In brief, the dissolution studies were conducted in 200
mL of dissolution media (0.2 M HCl and 0.2 M PBS pH 3.8) with a rotation speed of 50 rpm at 25 °C. After adding the testing powders (crystalline LH, amorphous LH or coamorphous LH-SAC, equivalent of 500 mg LH) to dissolution media, 2 mL of samples were withdrawn and filtered at predetermined time points (0.5, 1, 2, 4, 7, 10 and 24 h). LH concentration was analyzed by the HPLC/UV method described above.

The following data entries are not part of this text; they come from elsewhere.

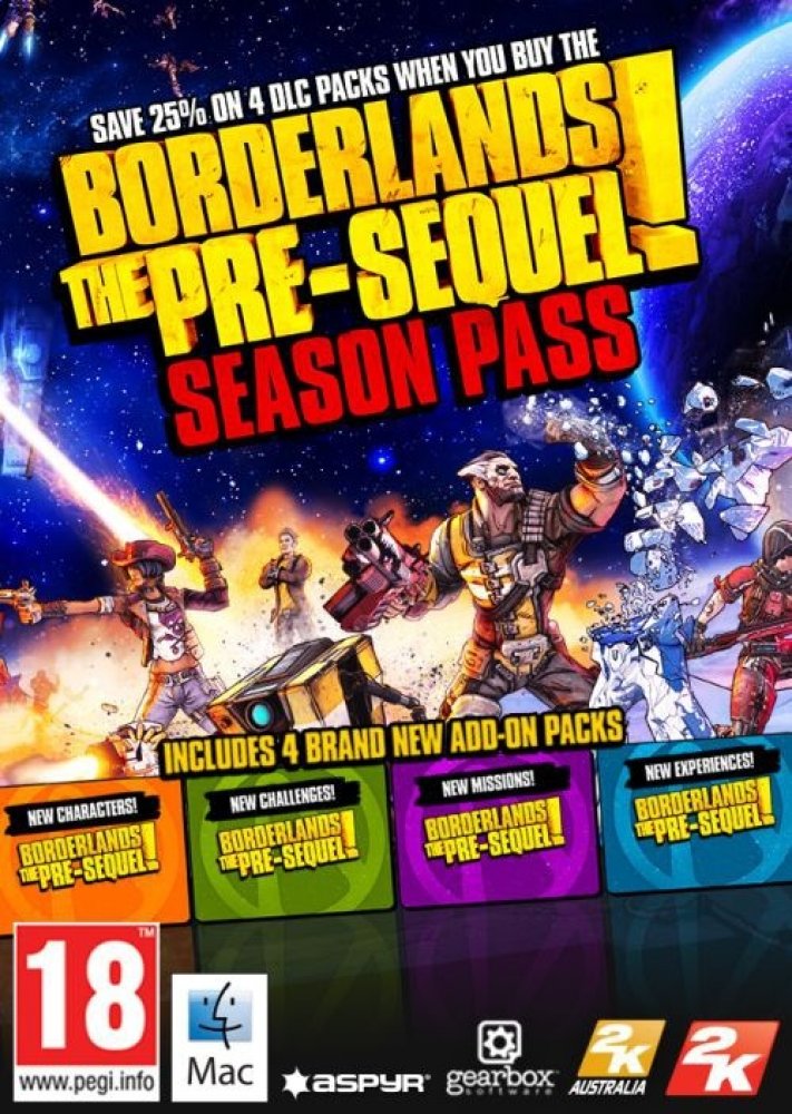 Prodlužte si trvání měsíčního masakru s kupónem Borderlands: Pre-Sequel Season Pass, jenž přináší nové postavy, výzvy, mise a další bonusy: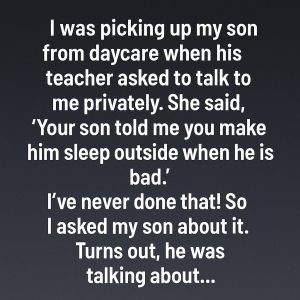 I was picking up my son from daycare when his teacher gently asked if we could talk in private. Her expression was serious, and my heart began…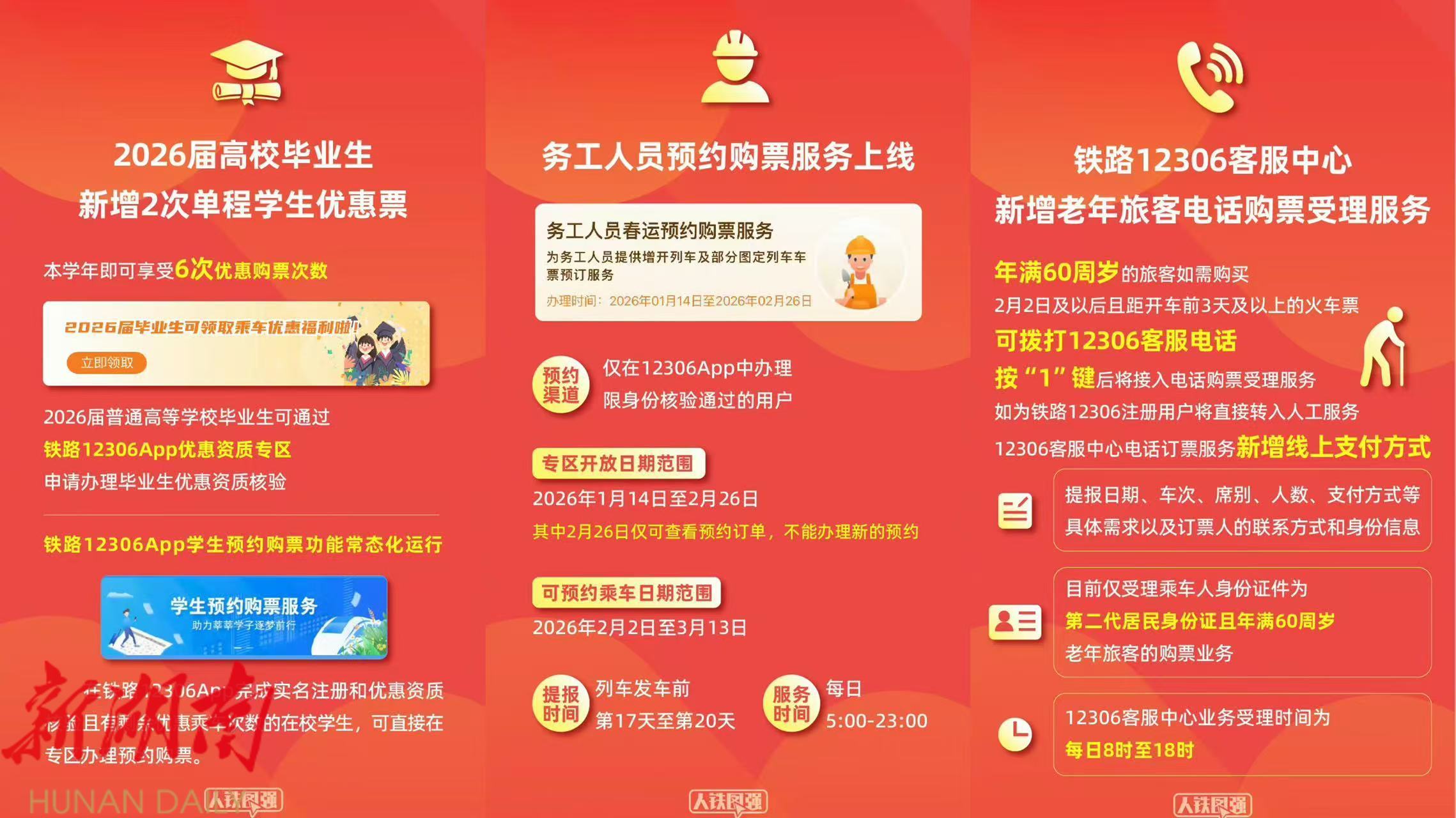 为2026届高校毕业生异地求职增加2次优惠购票次数,继续为学生、务工人员提供预约购票服务。铁路12306客服中心新增60周岁及以上老年人电话购票受理服务。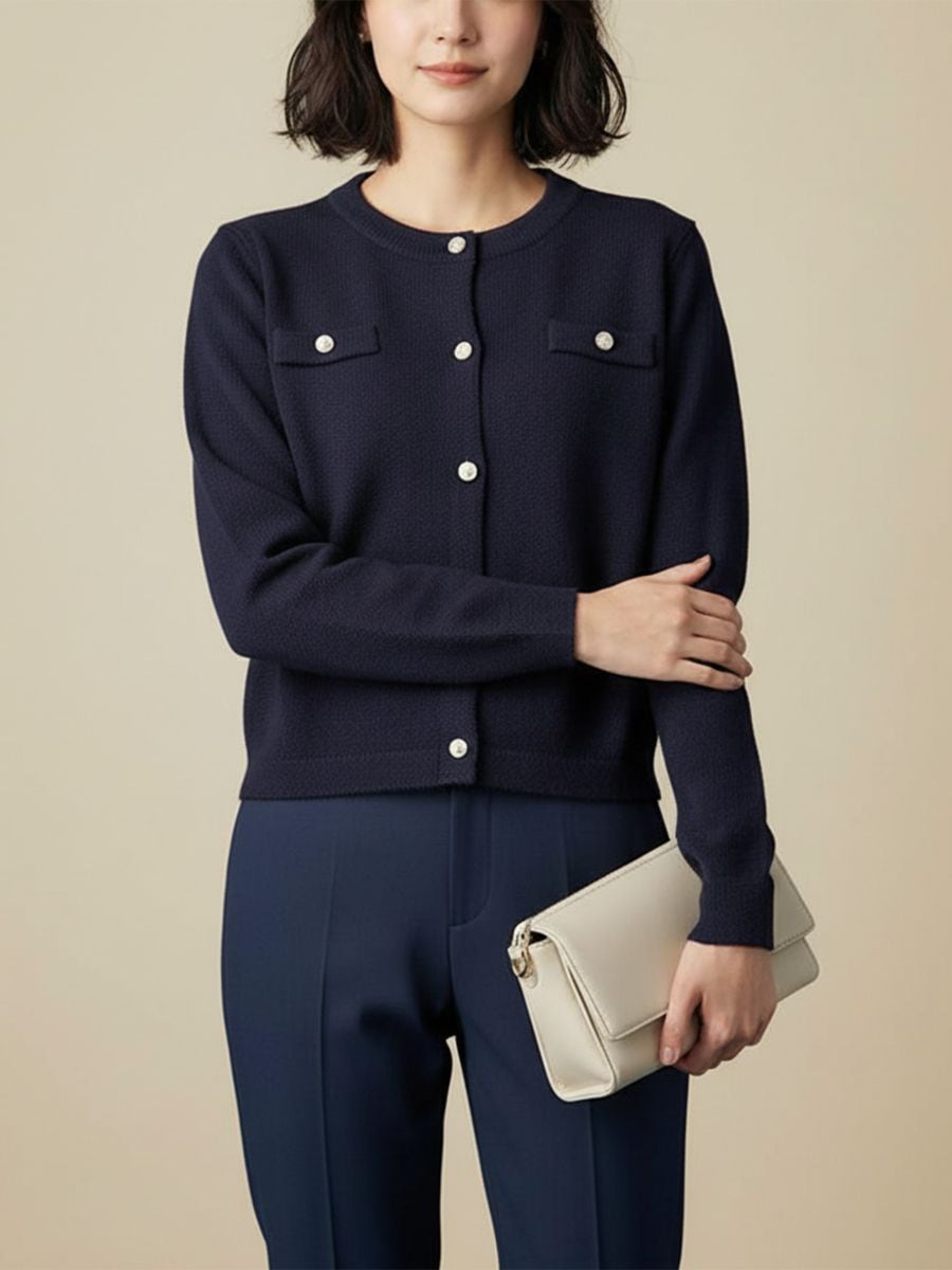 Kardigan Dekoratiivsete Nööpide ja Taskutega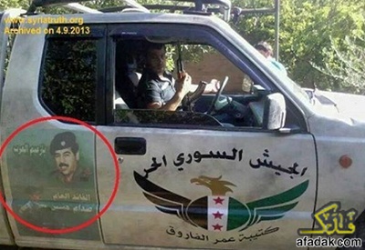 برزت في مواقع التواصل الاجتماعي صورا لجمعات الجيش الحر السوري وهي تضع صورة للمقبور صدام حسين على واجهات عجلاتهم واصفة اياه بانه زعيم العرب ، وعلق متابعون على الصورة بان هؤلاء الذين تدعمهم امريكا التي اسقطت نظام صدام حسين عام ٢٠٠٣ تعني أن أمريكا دولة تحكمها عصابات من الصهاينة , التي تحركها المصالح الحيوية فقط ... بمعنى أنه ليس هناك صديق ثابت أو عدو ثابت ,لكن هناك مصالح ثابتة ؟؟!!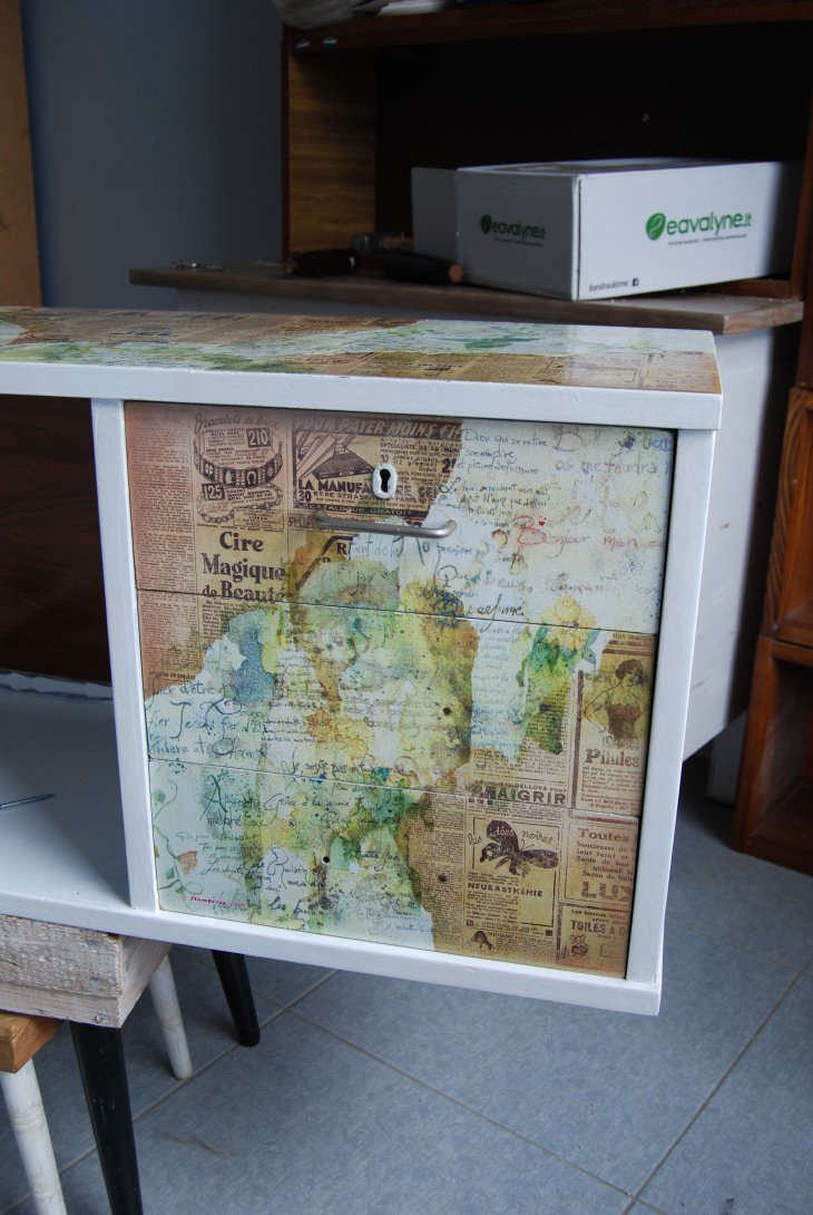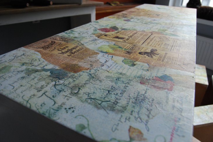 белой краской и декупажем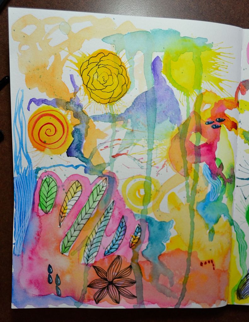 I do a little prep work before the trip like cutting the watercolor paper into varying sizes. Then I’ll splash paint on a handful of tiles while leaving the rest plain. That’s it! When you have a little spare time, you can create some really interesting and fun pieces of art. There’s no mess and it all easily fits into your purse or bag. I love bringing minimal supplies and creating on trips because it helps to keep the creativity flowing😊 Plus this would also be a great idea for kids to use their creativity on trips!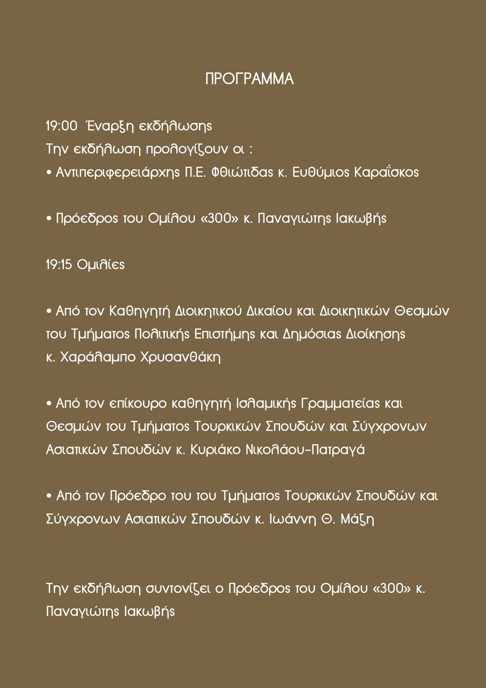 Την εκδήλωση συνδιοργανώνουν η Περιφέρεια Στερεάς Ελλάδας και ο Πολιτιστικός - Επιστημονικός - Φιλοσοφικός Όμιλος Λαμίας «300».
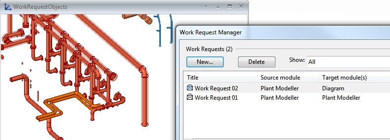 This selection method can be used to select objects that belong to the same spool as the object that you selected last. First pick one pipe part or a duct part that belongs to a spool, and then use the command Add Others in Spool.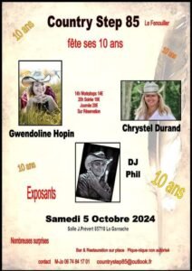 Le Samedi 05 Octobre 2024, Journée Country, à partir de 14h00, avec Workshops et Soirée, Salle Jean Prévert, à la Garnache (85710), Vendée.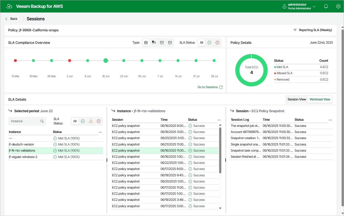 Veeam Backup for AWS allows you to monitor the protection status of all EC2 instances included into a specific SLA-based backup policy. As soon as Veeam Backup for AWS finalizes the data protection window in all the protected AWS Regions, the SLA details for this window are automatically added to the SLA Compliance Overview chart on the Sessions page. The chart shows whether the target SLA was met for different types of restore points (snapshots, snapshot replicas, backups and archived backups) created by the SLA-based backup policy.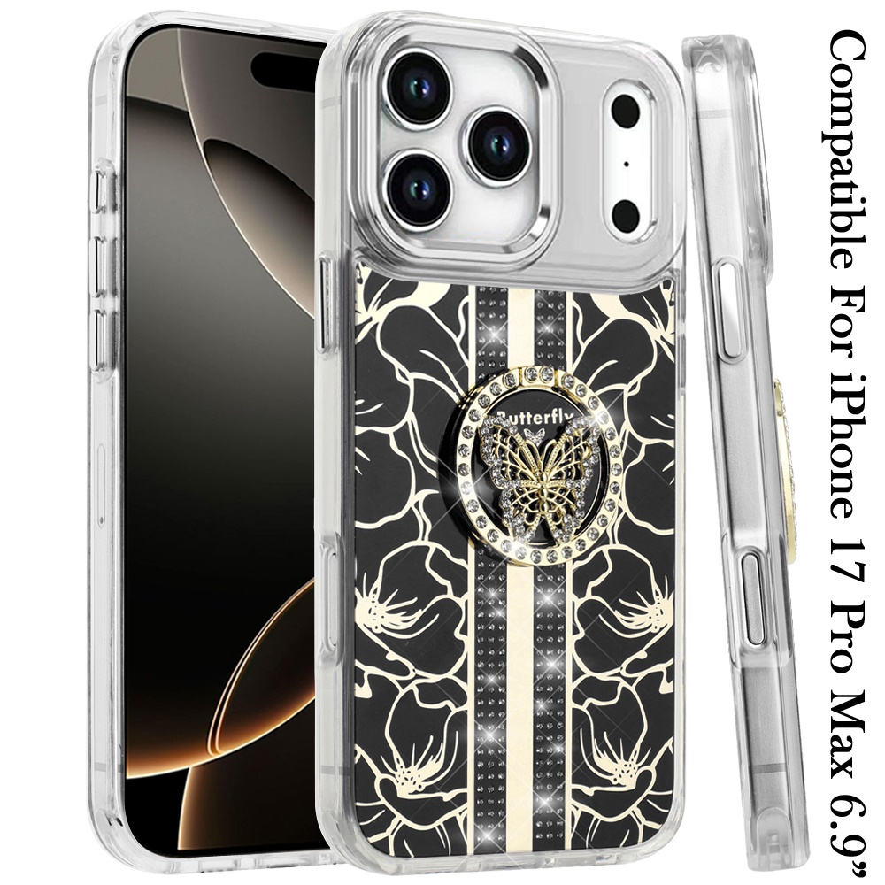 For iPhone 17 Pro Max Splendid Floral Designs with Metal Camera and Buttons with Butterfly Ring Stand Hybrid Case - Black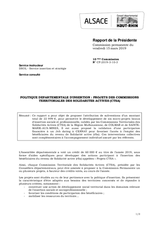 Ce rapport a pour objet de proposer l'attribution de subventions d’un montant total de 22 999 €, pour permettre le développement de six micro-projets locaux d'insertion sociale et professionnelle, validés par les Commissions Territoriales des Solidarités Actives (CTSA) de la Région Mulhousienne, de COLMAR et de SAINTE-MARIE-AUX-MINES, Il est aussi proposé la validation d’une participation financière à un Job dating à CERNAY pour favoriser l’accès à l’emploi des bénéficiaires du revenu de Solidarité active (rSa). Ces interventions collectives sont complémentaires à l’accompagnement individuel assuré par les référents.
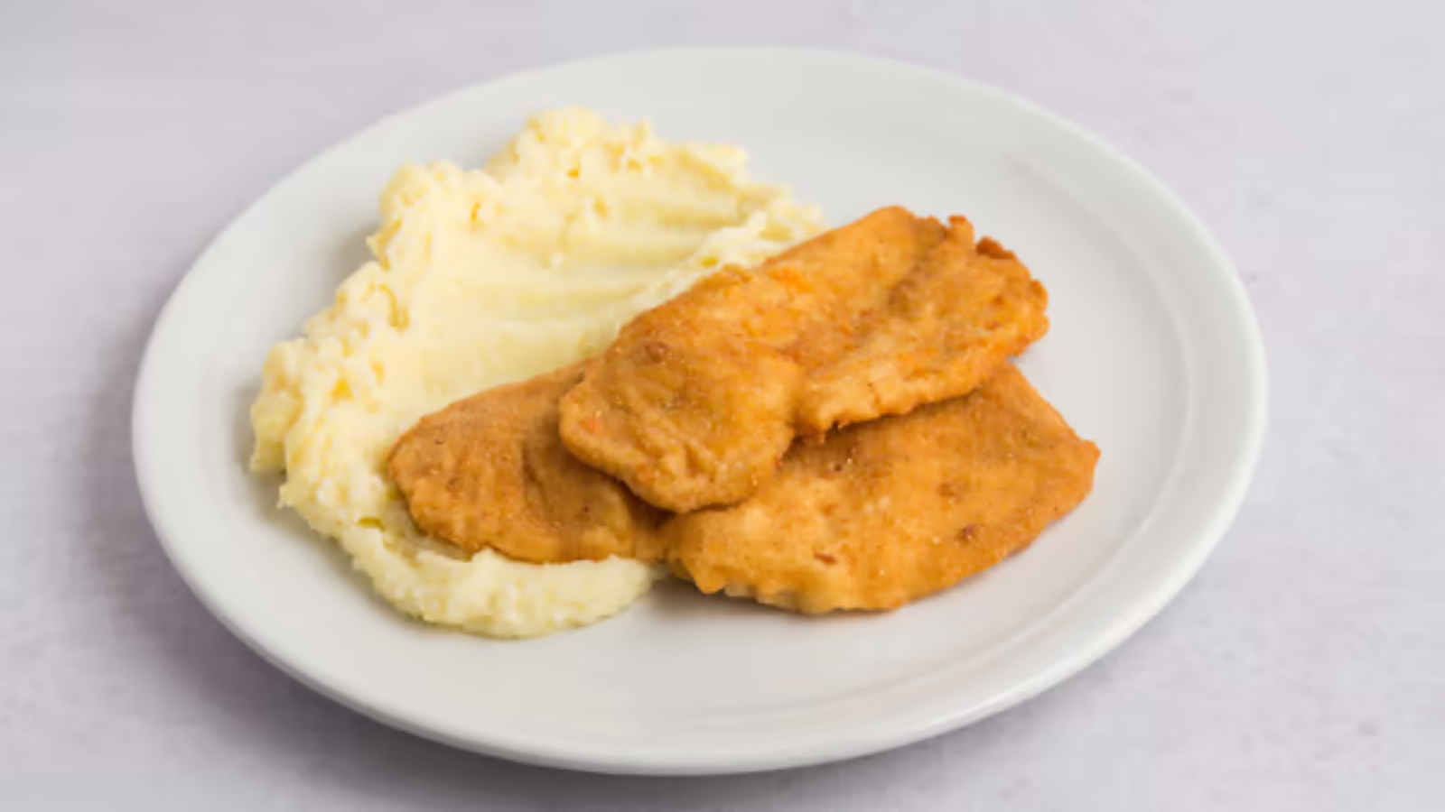 pohovano pileće belo meso 150gr i pire krompir 150gr

2.2.7. Physical stability of amorphous LH and coamorphous LH-SAC Amorphous LH and coamorphous LH-SAC powders were exposed in a constant temperature/ humidity chamber (Shanghai Boxun Industry & Commerce Co., Ltd., Shanghai, China) with 25 ºC/60% RH (long-term storage condition). Samples were collected at predetermined time to investigate the stability of amorphous materials by XRPD up to 60 days.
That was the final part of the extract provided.